Has anybody used the Ryobi Duet Power Paint System? I'm selling a bunch for 25% off the homedepot.com price.

http://www.homedepot.com/p/Ryobi-Duet-Power-Paint-Tool-System-FPR200/100661366


----------



## DynaPLLC (Oct 25, 2013)

There's almost 50 one star review on HomeDepot.com
2 star overall. 
Not trying to be a jerk but I can almost guarantee no one on this forum is interested.

I can drink a coffee, pour paint in a tray, and finish a wall before two guys even begin painting with that system. It holds only one gallon? Can't imagine filling over and over again and cleaning it up. Plus the hoses which are in everyone's way. 

Why are some manufacturers trying to reinvent the roller? Some things are meant to be simple.

Good luck though


----------



## BJT (Sep 6, 2014)

*Ryobi=DIY*

'Kind of piggybacking (but not trying to "pile on" its meant to be helpful advice to move these) In my work which involves the entire scope of full home renovations and painting is the part I'm most likely to be hands with, but for large jobs I'll farm the painting out to one of three great paint crews I'e found over the years since on a home like I'm working on right now, 4000 sq feet plus huge garage, I'd be painting for the next 6 months, but I've never seen any full time paint pro using any power roller type product and honest to God, I've never seen ANY pro tradesperson using any Ryobi gear, other than one guy who was a carpenter/all around type guy who had a couple of Ryobi palm sanders that he got some deal of the century on!

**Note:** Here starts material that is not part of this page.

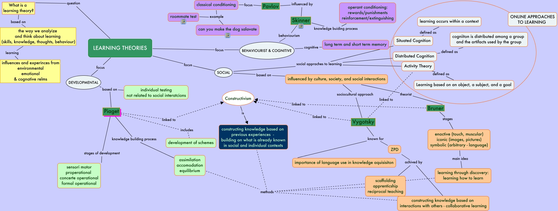 This Concept Map, created with IHMC CmapTools, has information related to: Adi Aharon - Learning Theories-November, Bruner stages enactive (touch, muscular) iconic (images, pictures) symbolic (arbitrary - language), DEVELOPMENTAL based on Piaget, LEARNING THEORIES focus SOCIAL, LEARNING THEORIES question What is a learning theory?, SOCIAL social appraches to learning Activity Theory, BEHAVIOURIST & COGNITIVE behaviourism Skinner, enactive (touch, muscular) iconic (images, pictures) symbolic (arbitrary - language) main idea learning through discovery: learning how to learn, classical conditioning example roommate test, ZPD achived by constructing knowledge based on interactions with others - collaborative learning, Skinner knowledge buiding process operant conditioning: rewards/punishments reinforcement/extinguishing, SOCIAL based on influenced by culture, society, and social interactions, classical conditioning example can you make the dog salavate, Bruner linked to Constructivism, Vygotsky known for ZPD, Pavlov focus classical conditioning, Piaget knowledge building process assimilation accomodation equilibrium, Piaget linked to Constructivism, Distributed Cognition defined as cogniiton is distributed among a group and the artifacts used by the group, assimilation accomodation equilibrium methods constructing knowledge based on previous experiences - building on what is already known in social and individual contexts, scaffolding apprenticship reciprocal teaching methods constructing knowledge based on previous experiences - building on what is already known in social and individual contexts

Plus, it kind of solves a problem that doesn't exist, having to deal with roller cage breakdowns! Try over on the DIY side though, you may have takers there!


----------



## Allsurface (Aug 17, 2014)

Bjt, I've used Graco power rollers, so I guess that makes me a hack.


----------



## Epoxy Pro (Oct 7, 2012)

That thing is a turd. I got one for free and tried it, hated it threw it in the trash. I prefer the Titan power roller attachment.


----------



## ReNt A PaInTeR (Dec 28, 2008)

Bunch of amateurs!!! :lol::lol::lol::lol:

Professional painters use Paint zoom.


----------